INFORMATION GIVEN section start

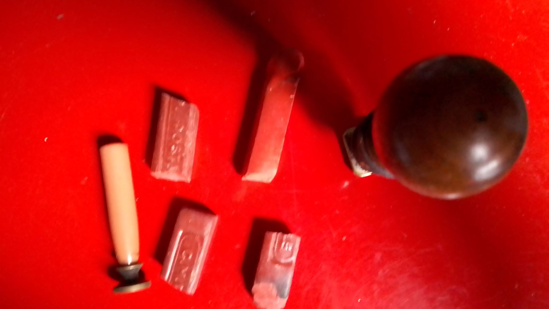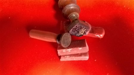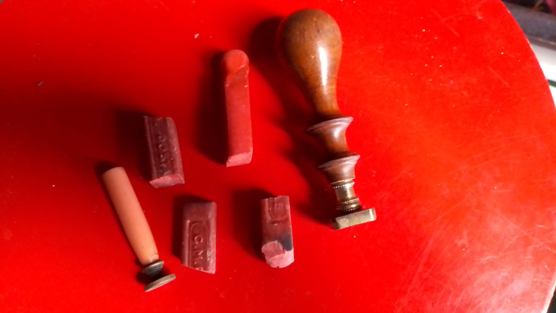 VINTAGE Anni 60, Vecchi Timbri Originali, Uno delle Poste Italiane Altro anonimo, con 4 Pezzi di Ceralacca Usati du cui uno della Posta
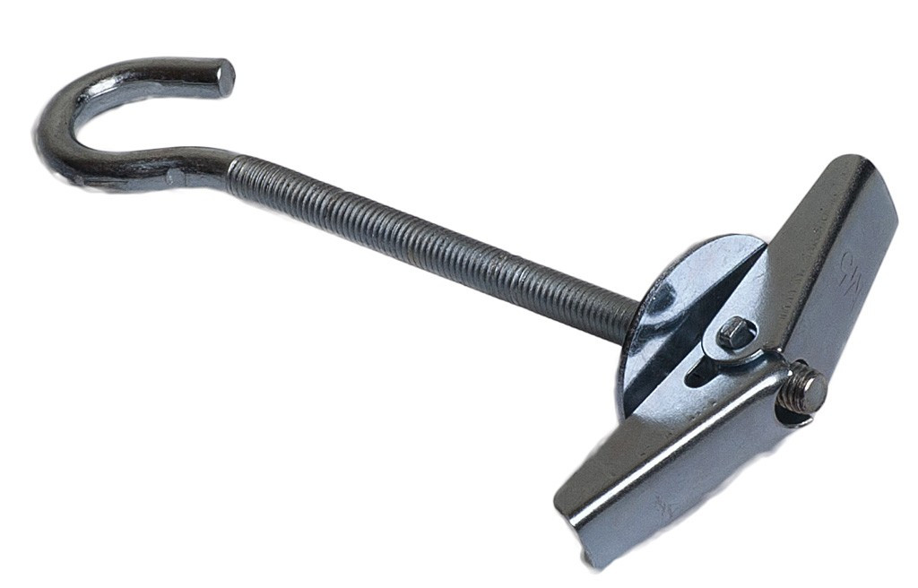 Складной пружинный дюбель с крюком широко используется для монтажа, крепления подвесных элементов различной тяжести, таких как люстры, растяжки и прочее. Складной дюбель применяется только в том случае, если между потолком и поверхностью несущей конструкции имеется зазор. Складной дюбель с крюком представляет собой анкерное крепление следующей конструкции: стержень с нанесенной резьбой, на который навинчивается гайка, шайба тарельчатой формы и пружинный механизм со стопорными складными крыльями. Дюбель пружинный с крюком изготовляется из стали, которая затем пассируется и покрывается оцинкованный сплавом.
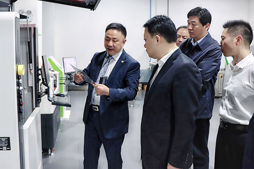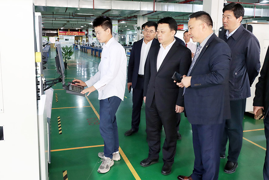 在卓勁松總經理的陪同下,蘇偉書記及縣委和縣政府的其他領導觀摩了粵銘激光集團現代化智能制造總裝車間、研發中心與激光設備展示廳,對我司近年來布局3C、5G、新能源汽車、制衣制鞋、家具家居等行業各系列高端激光裝備的技術亮點及生產流程進行了實地考察了解。
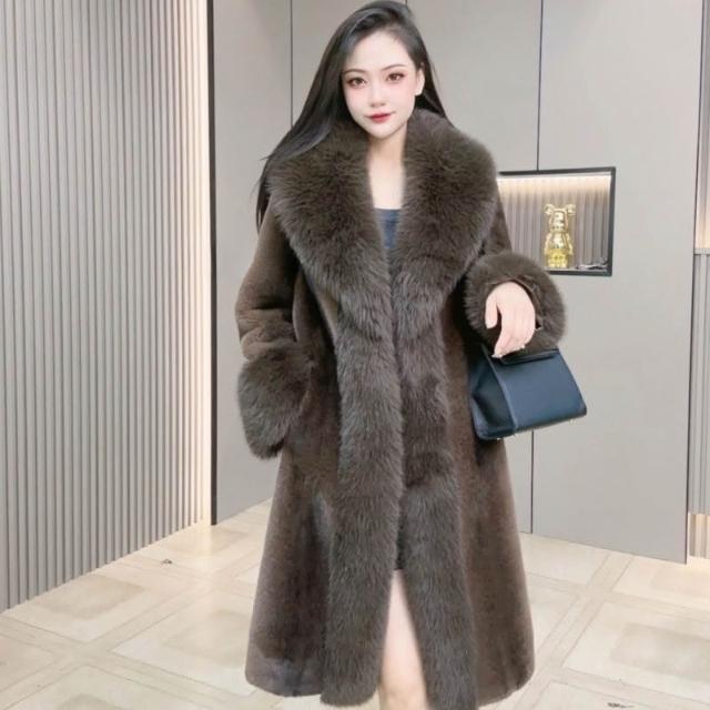 2024新款仿水貂毛皮毛一體大衣女仿狐貍毛領歐貂絨中長版海寧皮草 皮草外套女 毛毛外套 貂皮大衣 貂毛外套1205 JI
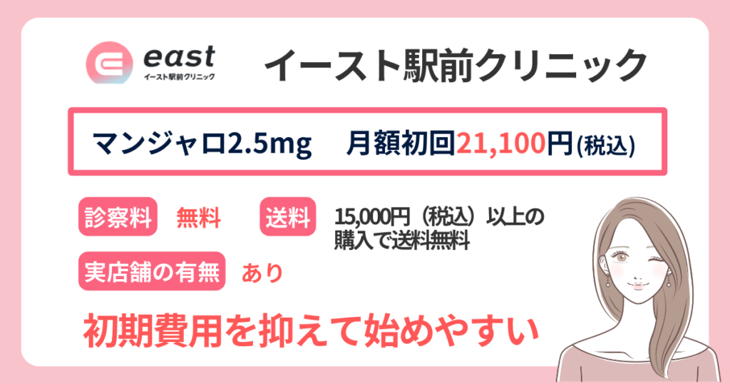 - マンジャロ2.5mgを安く始めたいなら:イースト駅前クリニック(初回 21,100円(税込)〜)
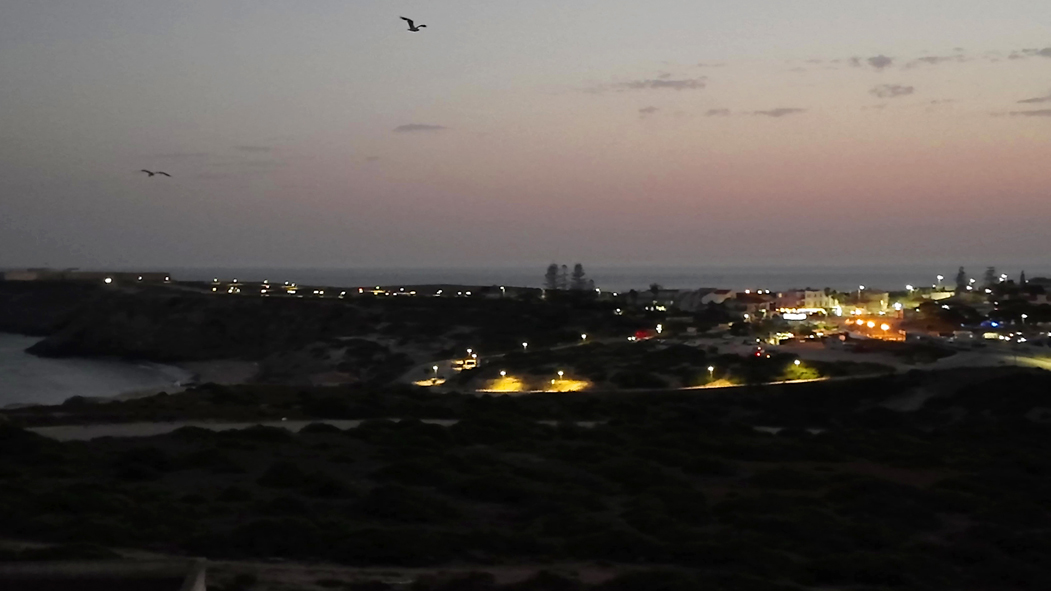 Diese Ansicht von Sagres bei Nacht mit den blinkenden Leuchttürmen ist mir in Suite 201 nicht vergönnt. Das ist mir gerade eben bei meinem Kontrollgang auf dem Balkon aufgefallen. Die Lichter der Stadt wirken statisch und monoton, wenn die Blitze der beiden Türme fehlen. Auch die beleuchteten Festungsmauern tragen zum mystischen Nachtbild von Sagres bei. Das alles ist auf der Ostseite des Hotels nicht zu sehen.
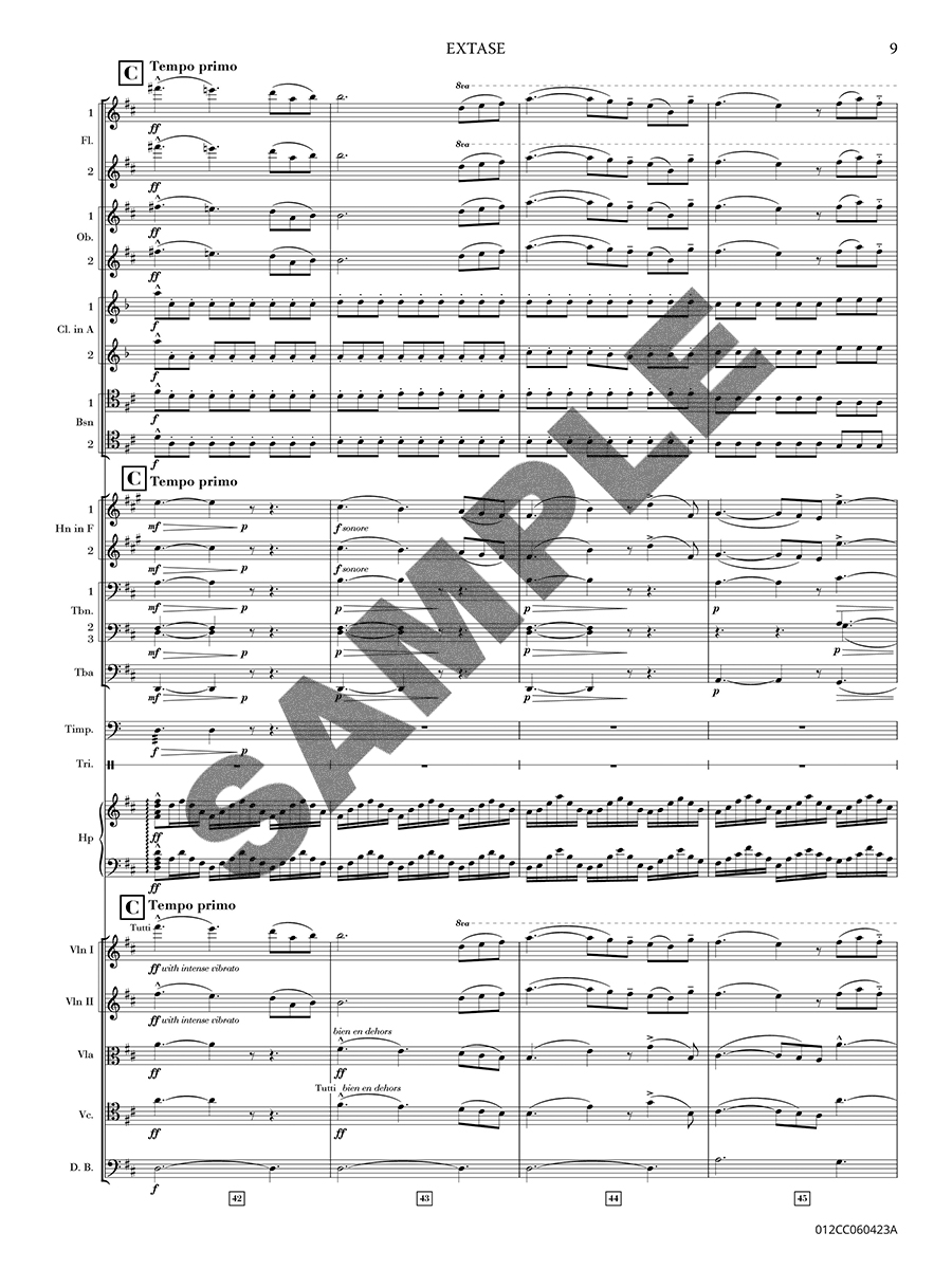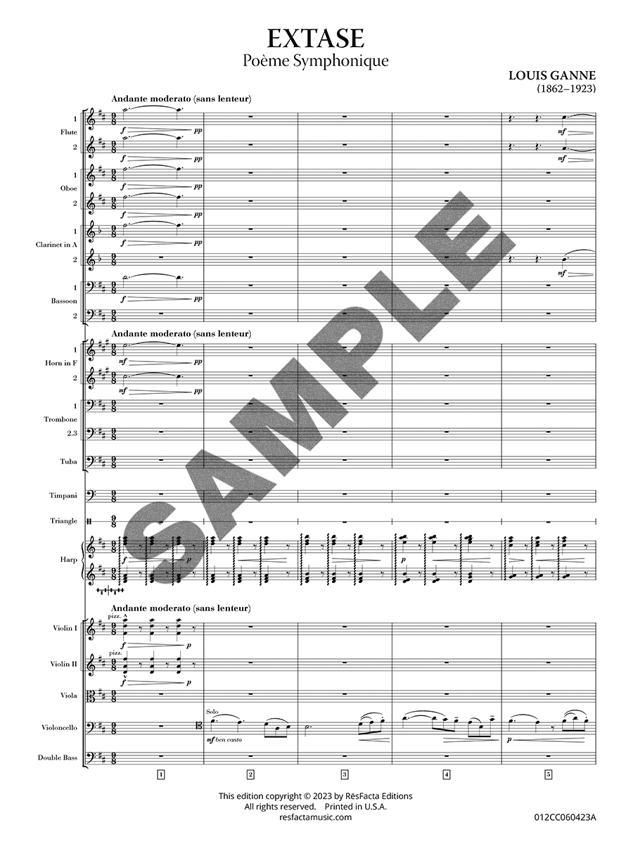 A captivating symphonic poem that immerses the listener in a world of passion and emotional intensity. With lush harmonies, soaring melodies, and a dynamic orchestration, Ganne weaves a musical narrative that explores the overwhelming sensations of ecstasy. From its gentle and evocative introduction to the powerful and dramatic climaxes, the composition takes the listener on a journey through a range of emotions. The work includes solo passages for the first-chair violin and cello players and a prominent part for the harp. An optional organ obligato part is included as are alternate B-flat clarinet parts transposed from the original parts for Clarinet in A.

INFORMATION GIVEN section end

#### [TASK STATEMENT]
All of the entries above need to be transcribed exactly, except for the pictures.

#### [OUTPUT BELOW]
 VINTAGE Anni 60, Vecchi Timbri Originali, Uno delle Poste Italiane Altro anonimo, con 4 Pezzi di Ceralacca Usati du cui uno della Posta
 Складной пружинный дюбель с крюком широко используется для монтажа, крепления подвесных элементов различной тяжести, таких как люстры, растяжки и прочее. Складной дюбель применяется только в том случае, если между потолком и поверхностью несущей конструкции имеется зазор. Складной дюбель с крюком представляет собой анкерное крепление следующей конструкции: стержень с нанесенной резьбой, на который навинчивается гайка, шайба тарельчатой формы и пружинный механизм со стопорными складными крыльями. Дюбель пружинный с крюком изготовляется из стали, которая затем пассируется и покрывается оцинкованный сплавом.
 在卓勁松總經理的陪同下,蘇偉書記及縣委和縣政府的其他領導觀摩了粵銘激光集團現代化智能制造總裝車間、研發中心與激光設備展示廳,對我司近年來布局3C、5G、新能源汽車、制衣制鞋、家具家居等行業各系列高端激光裝備的技術亮點及生產流程進行了實地考察了解。
 2024新款仿水貂毛皮毛一體大衣女仿狐貍毛領歐貂絨中長版海寧皮草 皮草外套女 毛毛外套 貂皮大衣 貂毛外套1205 JI
 - マンジャロ2.5mgを安く始めたいなら:イースト駅前クリニック(初回 21,100円(税込)〜)
 Diese Ansicht von Sagres bei Nacht mit den blinkenden Leuchttürmen ist mir in Suite 201 nicht vergönnt. Das ist mir gerade eben bei meinem Kontrollgang auf dem Balkon aufgefallen. Die Lichter der Stadt wirken statisch und monoton, wenn die Blitze der beiden Türme fehlen. Auch die beleuchteten Festungsmauern tragen zum mystischen Nachtbild von Sagres bei. Das alles ist auf der Ostseite des Hotels nicht zu sehen.
 A captivating symphonic poem that immerses the listener in a world of passion and emotional intensity. With lush harmonies, soaring melodies, and a dynamic orchestration, Ganne weaves a musical narrative that explores the overwhelming sensations of ecstasy. From its gentle and evocative introduction to the powerful and dramatic climaxes, the composition takes the listener on a journey through a range of emotions. The work includes solo passages for the first-chair violin and cello players and a prominent part for the harp. An optional organ obligato part is included as are alternate B-flat clarinet parts transposed from the original parts for Clarinet in A.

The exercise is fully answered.